IndicLink is a KG Fact Linking dataset that has sentences and their corresponding linked KG facts from WikiData. The dataset is collected as part of the publication - Multilingual Fact Linking (AKBC'21). The sentences are present in English and six Indian languages - Hindi, Telugu, Tamil, Urdu, Gujarati and Assamese. The descriptions of language-agnostic WikiData facts are also shared for the given languages. The English sentences and their facts are taken from the test set of WebRED and the sentences are translated into the different Indian languages by using the services of professional translators.

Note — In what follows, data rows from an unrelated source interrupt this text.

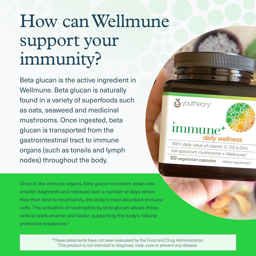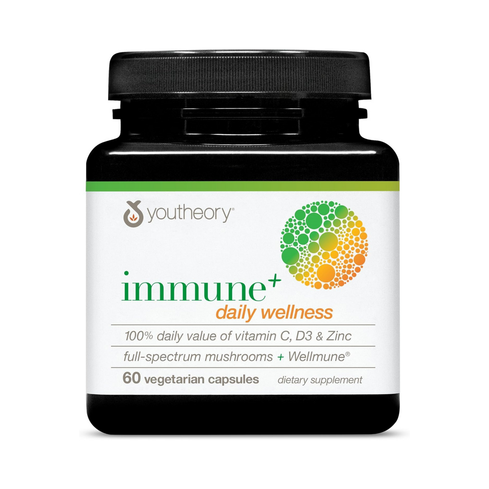 Youtheory Immune+ Daily Wellness - Organic Mushrooms - Beta Glucan - Vitamin C, D3 & Zinc, 60 Vegetarian Caps
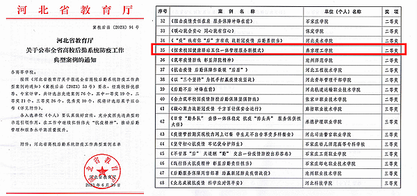 本网讯(后勤资产处 付嘉琪)近日,河北省教育厅公布了全省高校后勤系统防疫工作典型案例评选结果,我校报送的《探索校园健康驿站五位一体管理服务新模式》荣获二等奖。
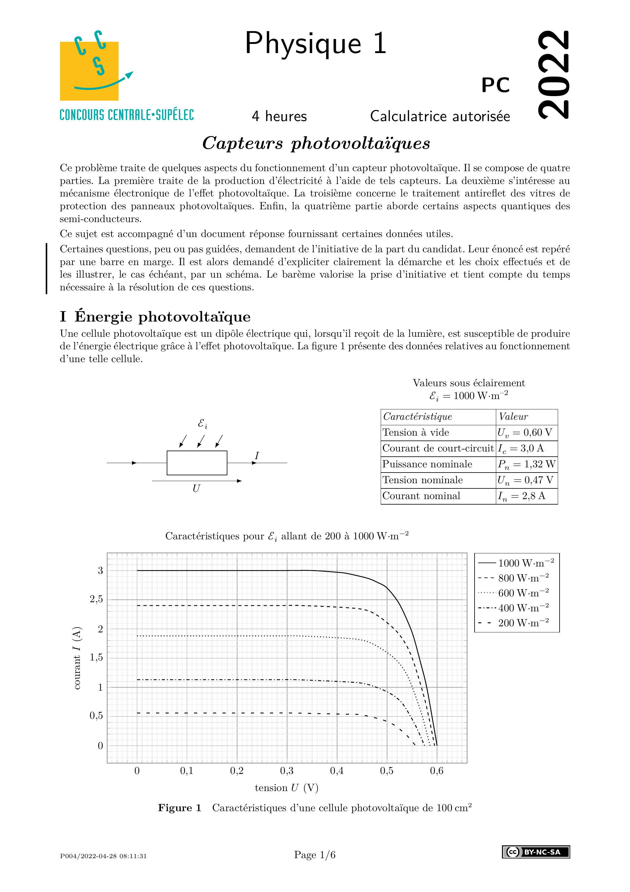 Ce problème traite de quelques aspects du fonctionnement d'un capteur photovoltaïque. Il se compose de quatre parties. La première traite de la production d'électricité à l'aide de tels capteurs. La deuxième s'intéresse au mécanisme électronique de l'effet photovoltaïque. La troisième concerne le traitement antireflet des vitres de protection des panneaux photovoltaïques. Enfin, la quatrième partie aborde certains aspects quantiques des semi-conducteurs.
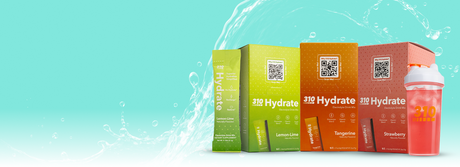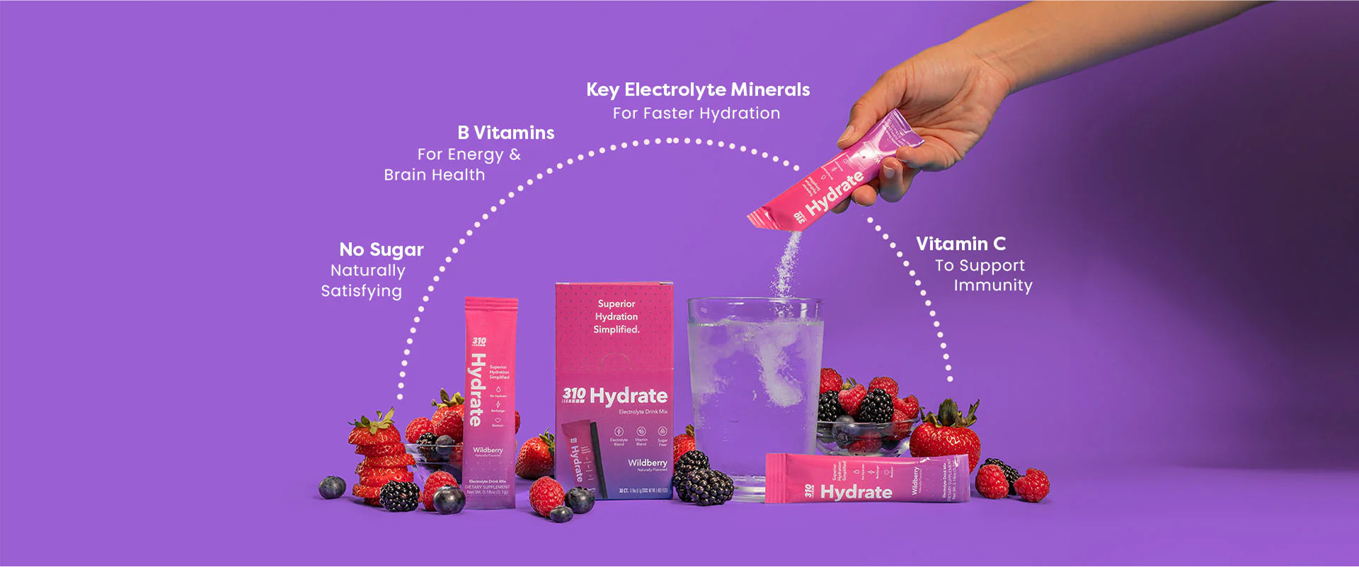 310 Hydrates supercharge water with key vitamins, electrolyte minerals, and bold and exciting flavors, and come in convenient on-the-go packets!
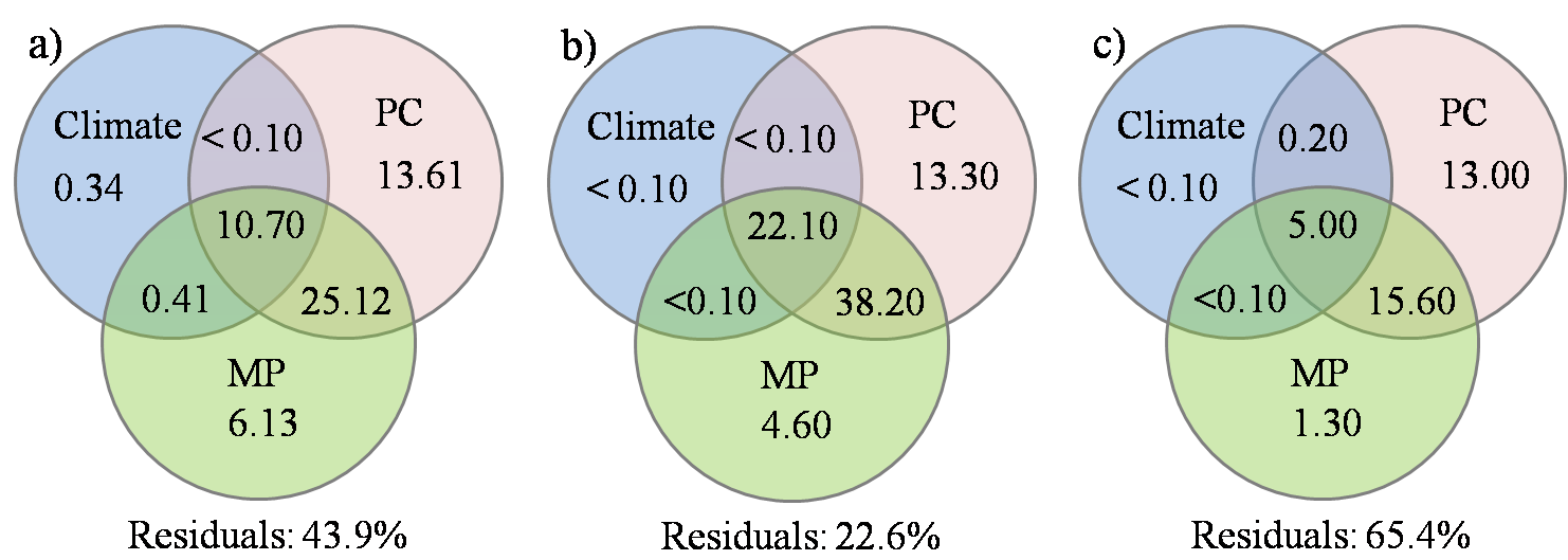 图 2 气候、土壤理化性质和微生物特征在解释(a)样带尺度,(b)热带亚热带和(c)温带森林土壤微生物呼吸方面的方差分解分析。
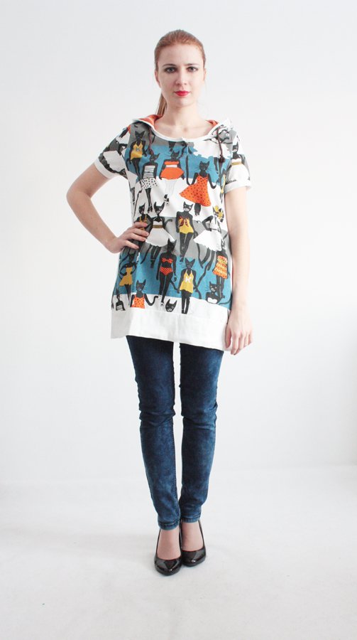 Tunika z kapturem w niezwykłe kocie wzory. Wykonana z bawełny.

If you use this dataset, please cite:
@article{kolluru2021mfl,
title={Multilingual Fact Linking},
author={Keshav Kolluru and Martin Rezk and Pat Verga and William Cohen and Partha Talukdar},
year={2021},
journal={Automated Knowledge Base Construction (AKBC)}
}
The distribution of examples across different languages are as follows:
IndicLink | English | Hindi | Telugu | Tamil | Urdu | Gujrati | Assamese |
---|---|---|---|---|---|---|---|
#Test Examples | 1002 | 889 | 888 | 881 | 1001 | 881 | 887 |
#KG Facts | 4.6M | 230K | 145K | 248K | 361K | 91K | 257 |
The oracle set of 4.6 million KG facts correspond to all facts that occur in the top-1 million most frequent WikiData entities. Their textual descriptions are always available in English but only sparsely available in other languages.
This data is licensed by Google LLC under a Creative Commons Attribution 4.0 International License. Users will be allowed to modify and repost it, and we encourage them to analyze and publish research based on the data.